Pelo fato exposto anteriormente quanto a não intenção/objetivo de se elaborar

um texto no gênero oral narrativo na aula descrita na Revista, é necessário lembrar

que há uma aproximação da escrita e da oralidade na escola, conforme se percebe

em Rodrigues 1988, p.29:

A criança (...) já conhece o uso oral de sua língua materna (...); a língua falada (...) tende a não chamar a atenção da criança na fase pré-escolar. A língua só passa a ser foco de suas atenções quando ela começa a perceber que é possível representar a língua que fala por meio de sinais gráficos no plano da escrita, ou melhor, quando percebe, no caso do falante nativo de língua portuguesa, que as letras representam sons articulados.

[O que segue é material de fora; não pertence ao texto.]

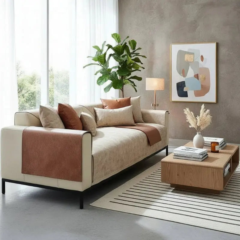 Capa de Sofá à Prova d'Água e Anti-Arranhão Premium Marrom: Confeccionada com frente em tecido de poliéster resistente à água e verso em fibra de poliéster ambiental com amido de látex antiderrapante.

Ainda, segundo a autora, isso acontece de forma natural à medida do

conhecimento “das unidades que compõem um e outro código, mas também as

regras de combinação de tais unidades no plano oral e no plano escrito” (p. 29). O

ensino da língua com enfoque no processo de interação mediado pelo diálogo deve

ser prioritário.

Por isso, uma concepção da língua e linguagem relacionada ao ensino

aprendizagem dessa maneira viabiliza o aprendizado da oralidade, assim como o da

escrita. A mesma autora afirma, que

(...) a situação linguística do alfabetizado, ou daquele que sabe ler, é, em tese, a de quem usa duas línguas de expressão oral: a primeira é a que lhe pertence por aprendizado natural em sua comunidade, e a segunda é a que ele confecciona a partir do escrito, pela prática da leitura. ( p.31)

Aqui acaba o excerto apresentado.